Robi tak, ponieważ jest podatna na amory jedynie w określonych okresach, zaś swoją gotowość sygnalizuje wydzielaniem specjalnej substancji chemicznej.

Samce z kolei są stale w pełnej gotowości do seksu i nawet gdy spotkają samiczkę niezainteresowaną bliższą znajomością, mogą ją zaczepiać.

"Zamiast marnować energię na obronę przed natarczywymi kawalerami, samice korzystają z możliwości zredukowania liczby molestowań" – napisała badaczka Safi Darden w artykule opublikowanym w Proceedings of the Royal Society B.

Samice gupików unikają niechcianych zalotów, łącząc się w ławice z bardziej seksownymi siostrami.

Samice stosują więc strategię przyzwoitek. Te, które nie są w danym czasie zainteresowane rozrodem, tworzą grupy z tymi, które akurat wydzielają substancję zapachową „Być może”.

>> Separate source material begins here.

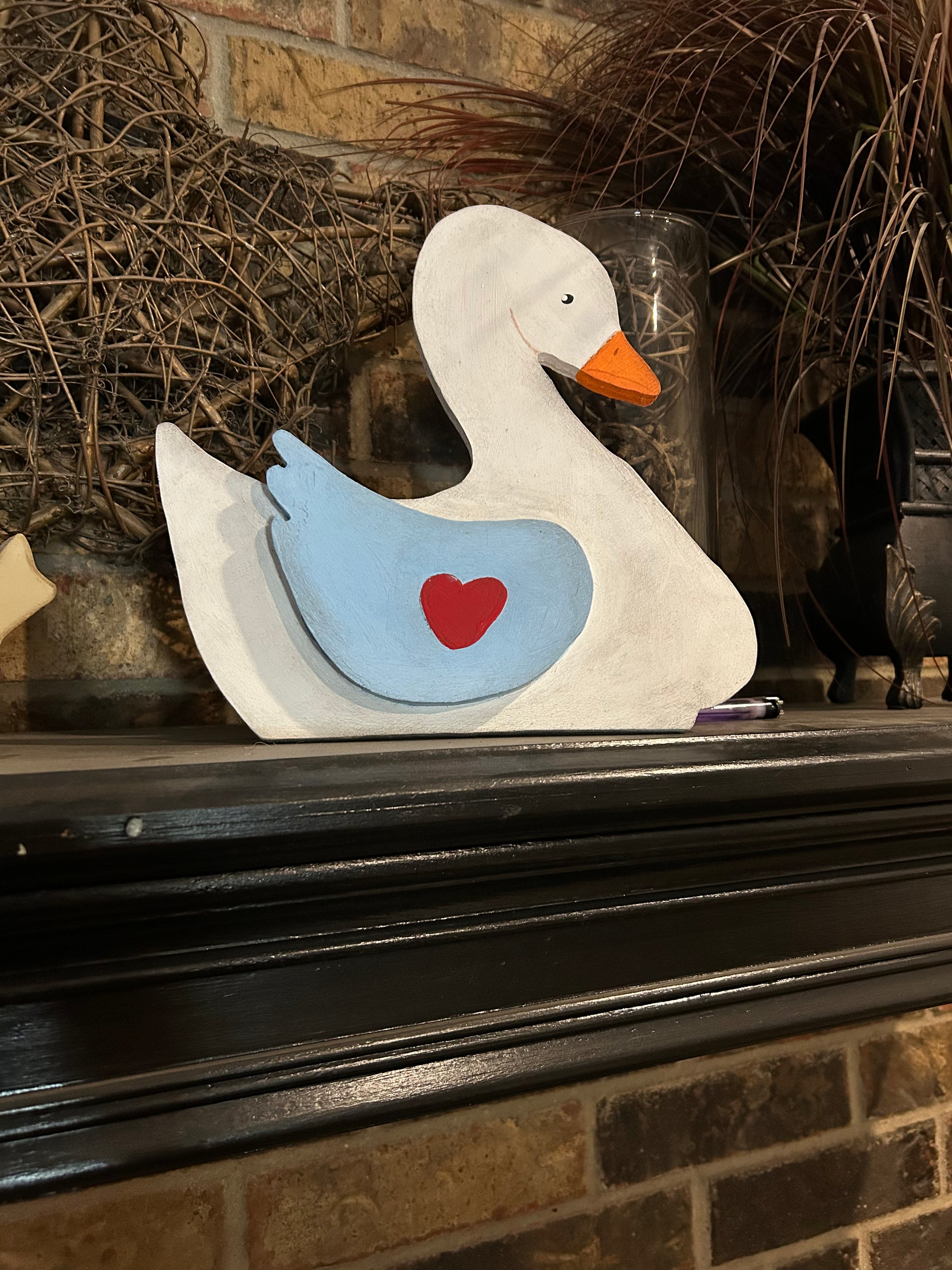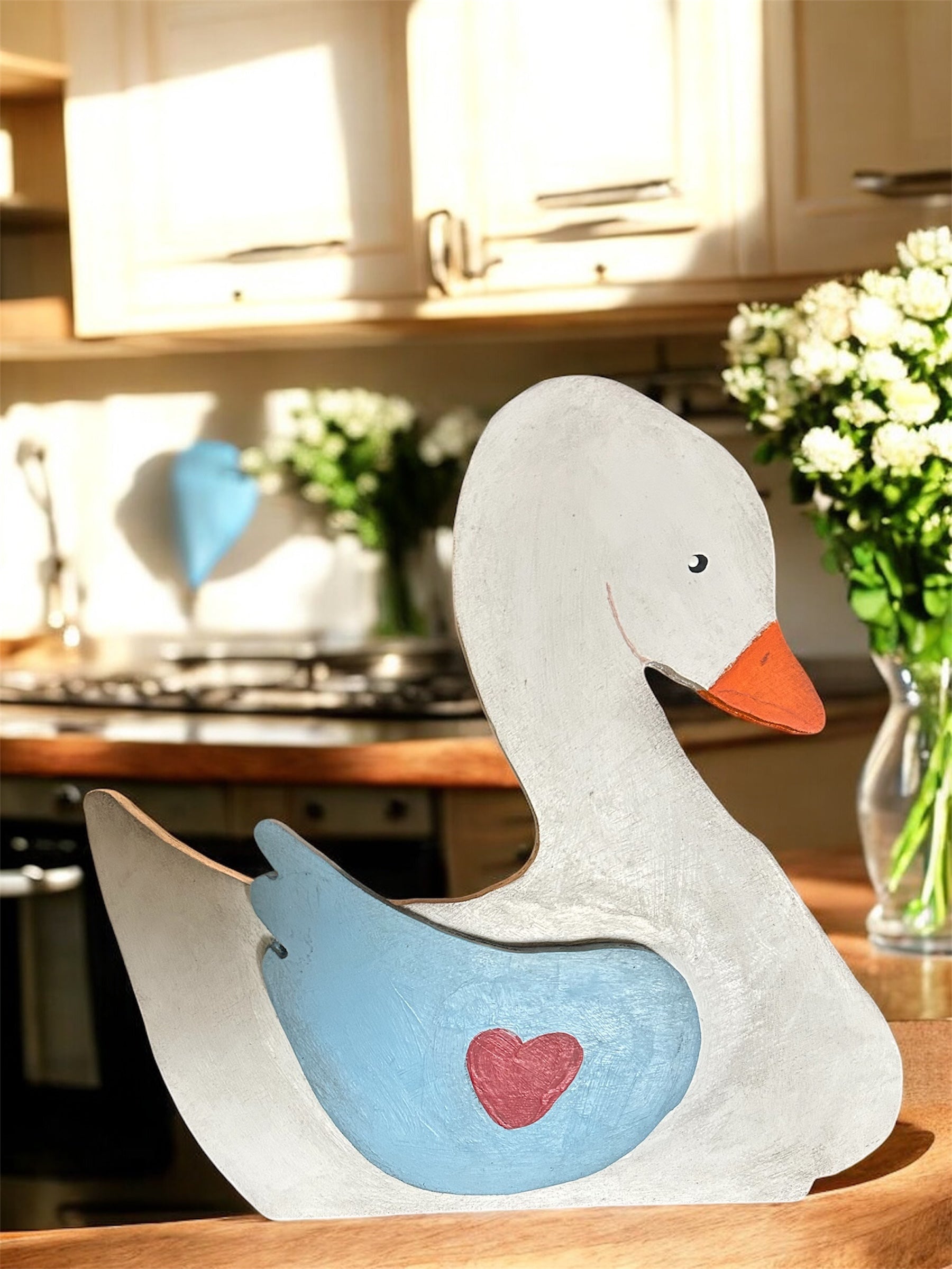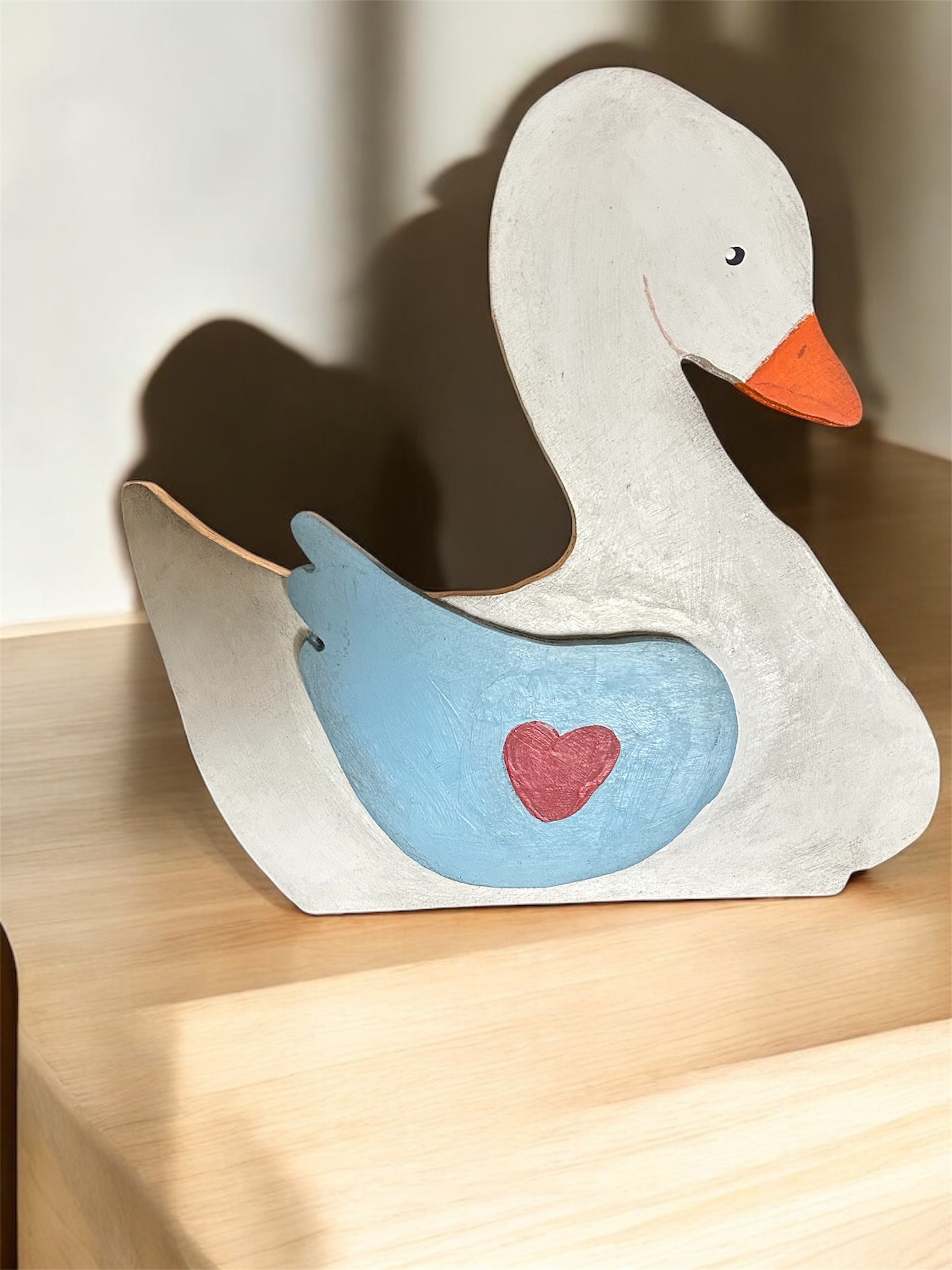 Add a touch of nostalgia to your home with this vintage wood goose, custom made by Sara's redesign. Handcrafted from recycled wood and hand painted, this 11 inch tall and 10 inch wide goose with a heart will add a unique charm to any space. Hang it or lean it on a shelf for a personalized touch.

"Towarzystwo samic bardziej atrakcyjnych seksualnie chroni je przed nachalnymi zalotami" – wyjaśnia Darden.

Jak silna jest potrzeba niezainteresowanych samic do chronienia się za swoimi bardziej seksownymi siostrami?

Tak silna, twierdzi Darden, że podczas testów w laboratoryjnych akwariach samice, które nie były w okresie godowym, podpływały do jednej z części zbiornika, mimo że nie było tam innych gupików, ale rozpylono tam „Być może”.